PROMPT: t_coffee -in Ssample_seq1.fasta,Mlalign_rs_s_pair -out_lib=sample_lib1.mocca_lib -domain -start=100 -len=50
This instruction will use the fragment 100-150 on the concatenated sequences, as a template for the extracted repeats. The extraction will only be made once. The library will be placed in the file <lib name>.
If you want, you can test other coordinates for the repeat, such as
PROMPT: t_coffee -in sample_lib1.mocca_lib -domain -start=100 -len=60
This run will use the fragment 100-160, and will be much faster because it does not need to re-compute the lalign library.
Usage:
-start=<int value>
Default: not set
This flag indicates the starting position of the portion of sequence that will be used as a template for the repeat extraction. The value assumes that all the sequences have been concatenated, and is given on the resulting sequence.
Usage:
-len=<int value>
Default: not set
This flag indicates the length of the portion of sequence that will be used as a template.
Usage:
-scale=<int value>
Default: -scale=-100
This flag indicates the value of the threshold for extracting the repeats. The actual threshold is equal to:
motif_len*scale
Increase the scale óIncrease sensitivity ó More alignments( i.e. -50).

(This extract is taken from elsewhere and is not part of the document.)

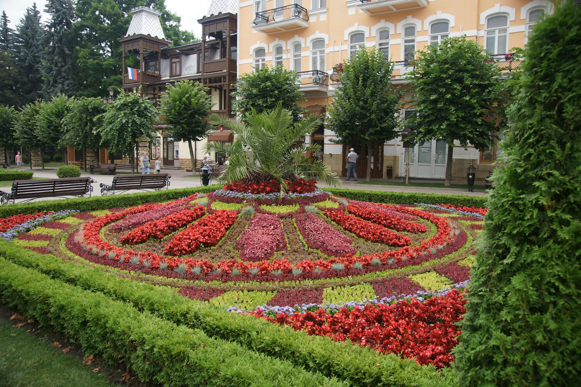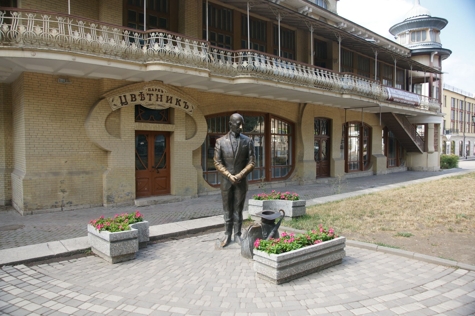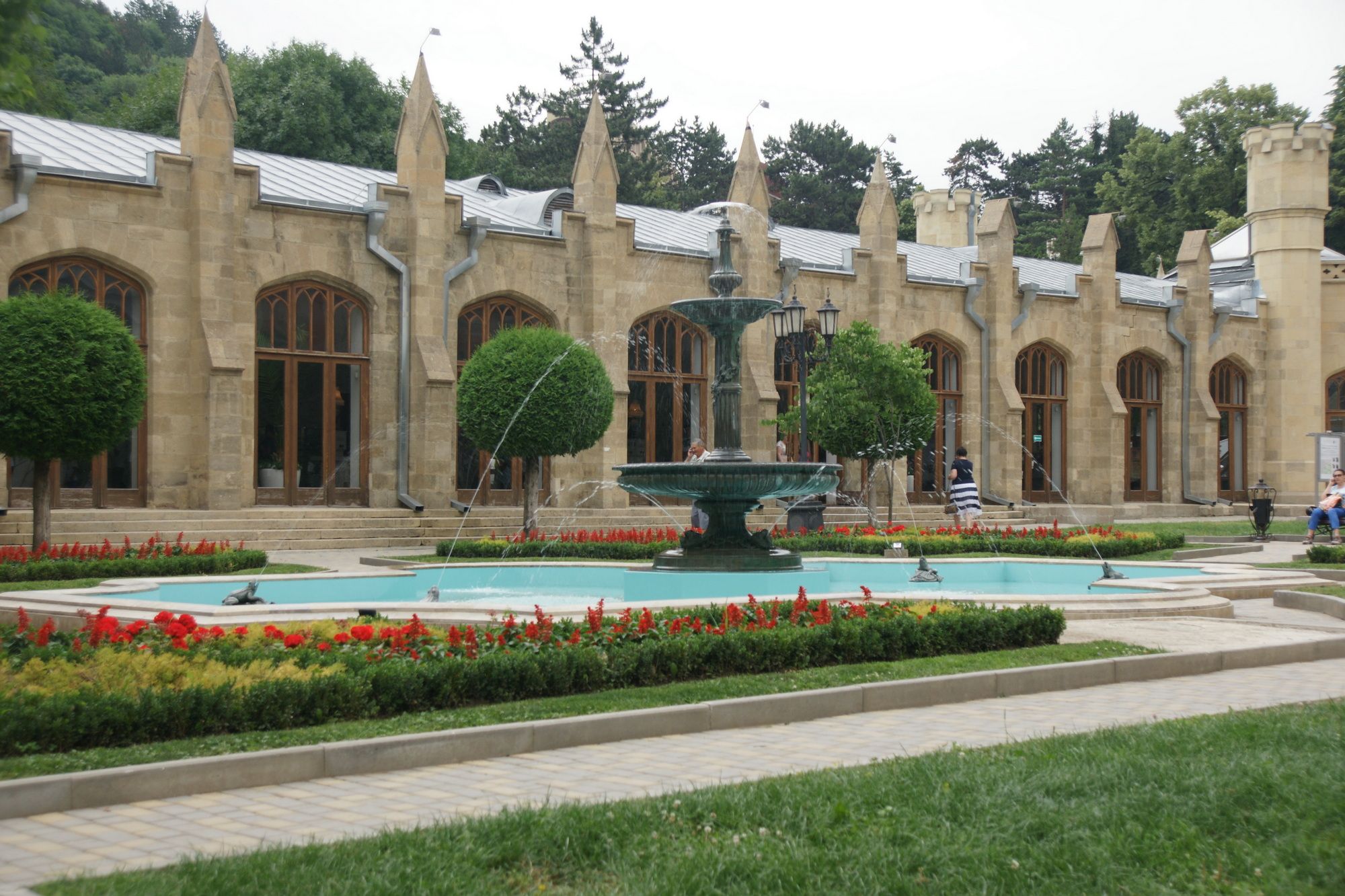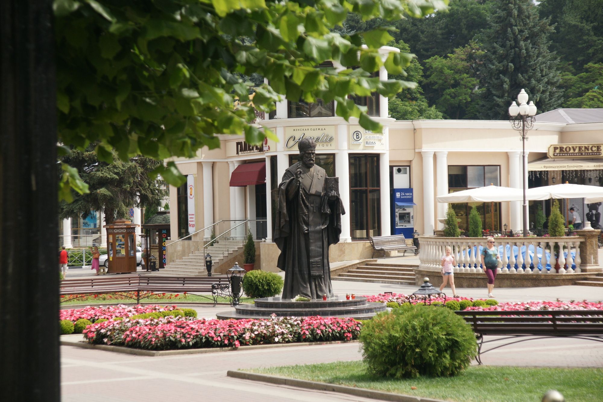 24 июля 2018 Прошу прощения за то, что немного пропала, обещав продолжение рассказа. У меня случился швейный запой: в смысле тот, что из ткани и за швейной машинкой. Это старший деть как-то неожиданно выросла из своих одежек: пришлось срочно обеспечивать новыми штанами, толстовкой и т.д. Ну а вообще-то давно пора отпускные рассказы завершать. А то уже и вышивальный отчет написать не терпится: я ж сегодня кораблики из багетки забрала!... Но фотосессия будет завтра, а сегодня я снова возвращаюсь в Кисловодск.... Конечно же, курортный парк и минеральная вода - это еще не весь Кисловодск, хотя и значительная его часть в плане нашего отпуска. Город очень интересный. И хотя относительно молодой (крепость на месте будущего города была основана только в 1803г), но у него есть свое лицо и своя история. Помимо повсеместного упоминания Лермонтова и "Героя нашего времени" (что здесь, кстати, не так нарочито подается, как в Пятигорске), город гордится многими известными жителями и гостями. Здесь сплелись культуры и судьбы горцев, терского казачества, России царской и России советской, здесь оставили след многие творческие и влиятельные люди своего времени. Здесь не преминула "расписаться" и революция, и война. Здесь почти каждый дом в исторической части готов рассказывать свою историю и историю своих хозяев заинтересованному слушателю. В этом смысле постоянно радуюсь, что под рукой у меня была такая книга, которая смогла помочь окунуться в атмосферу города-курорта-здравницы. А именно в этой ипостаси Кисловодск и развивался практически все 200 с лишним лет своей истории. Главной курортной улицей сейчас является Курортный бульвар. Когда-то давно он (а точнее его часть) носил название Тополевой аллеи, т.к. 1847-48гг здесь были высажены тополя по приказу графа Воронцова, тогдашнего наместника Кавказа. К концу XIXв. аллею замостили. А в 1918 тополя сильно пострадали - жители топили ими дома, чтобы не замерзнуть. Сейчас это пешеходная улица, где сосредоточены многие лечебные учреждения, архитектурные достопримечательности, кафе и туристические магазины. При этом нет ощущения хаоса и сильной суеты. Неон не бьет по глазам и мозгу отовсюду. И хотя часть вывесок все же слегка ярковата, но большинство из них единообразны и стилизованы в соответствии с общей стилистикой курортного города и променада. Вывески такого стиля мы встречали по всему городу, хотя и в меньшей концентрации. Мы этот факт оценили. Упирается бульвар как раз в Нарзанную галерею, про которую я уже упоминала. А рядом с ней фонтан "Лягушки", который просто нереально красив в обрамлении красных цветов, зелени и благодаря ярчайшему голубому дну чаши бассейна. С товарищем с последнего фото мы здоровались каждый день ровно на этом месте: в отверстии в стене здания Нарзанных ванн Не буду рассказывать подробно про каждое строение. Любознательных отсылаю к книге и гуглу. Прокомментирую только некоторые моменты. Здесь лечебное учреждение - это не мрачное безжизненное здание. Если вы видите белоснежный особняк с красивыми балкончиками, то он вполне может оказаться, к примеру, курортной поликлиникой. Причем старейшие учреждения не переехали в чей-то старинный особняк или доходный дом, а изначально строились такими. Многие дома на Курортном бульваре и примыкающей к ней пешеходной же улице Карла Маркса - это бывшие леч

-domain_interactive [Examples]
Usage:
-domain_interactive
Default: unset
Launches an interactive mocca session.
PROMPT: t_coffee -in Lsample_lib3.tc_lib,Mlalign_rs_s_pair -domain -start=100 -len=60
TOLB_ECOLI_212_26 211 SKLAYVTFESGR--SALVIQTLANGAVRQV-ASFPRHNGAPAFSPDGSKLAFA
TOLB_ECOLI_165_218 164 TRIAYVVQTNGGQFPYELRVSDYDGYNQFVVHRSPQPLMSPAWSPDGSKLAYV
TOLB_ECOLI_256_306 255 SKLAFALSKTGS--LNLYVMDLASGQIRQV-TDGRSNNTEPTWFPDSQNLAFT
TOLB_ECOLI_307_350 306 -------DQAGR--PQVYKVNINGGAPQRI-TWEGSQNQDADVSSDGKFMVMV
TOLB_ECOLI_351_393 350 -------SNGGQ--QHIAKQDLATGGV-QV-LSSTFLDETPSLAPNGTMVIYS
1 * * : . .:. :
MENU: Type Letter Flag[number] and Return: ex |10
|x -->Set the START to x
>x -->Set the LEN to x
Cx -->Set the sCale to x
Sname -->Save the Alignment
Bx -->Save Goes back x it
return -->Compute the Alignment
X -->eXit
[ITERATION 1] [START=211] [LEN= 50] [SCALE=-100] YOUR CHOICE:
For instance, to set the length of the domain to 40, type:
[ITERATION 1] [START=211] [LEN= 50] [SCALE=-100] YOUR CHOICE:>40[return]
[return]
Which will generate:
TOLB_ECOLI_212_252 211 SKLAYVTFESGRSALVIQTLANGAVRQVASFPRHNGAPAF 251
TOLB_ECOLI_256_296 255 SKLAFALSKTGSLNLYVMDLASGQIRQVTDGRSNNTEPTW 295
TOLB_ECOLI_300_340 299 QNLAFTSDQAGRPQVYKVNINGGAPQRITWEGSQNQDADV 339
TOLB_ECOLI_344_383 343 KFMVMVSSNGGQQHIAKQDLATGGV-QVLSSTFLDETPSL 382
TOLB_ECOLI_387_427 386 TMVIYSSSQGMGSVLNLVSTDGRFKARLPATDGQVKFPAW 426
1 : : : :: . 40
MENU: Type Letter Flag[number] and Return: ex |10
|x -->Set the START to x
>x -->Set the LEN to x
Cx -->Set the sCale to x
Sname -->Save the Alignment
Bx -->Save Goes back x it
return -->Compute the Alignment
X -->eXit
[ITERATION 3] [START=211] [LEN= 40] [SCALE=-100] YOUR CHOICE:
If you want to indicate the coordinates, relative to a specific sequence, type:
|<seq_name>:start
Type S<your name> to save the current alignment, and extract a new motif.
Type X when you are done.
Conventions Regarding Filenames
stdout, stderr, stdin, no, /dev/null are valid filenames. They cause the corresponding file to be output in stderr or stdout, for an input file, stdin causes the program to requests the corresponding file through pipe. No causes a suppression of the output, as does /dev/null.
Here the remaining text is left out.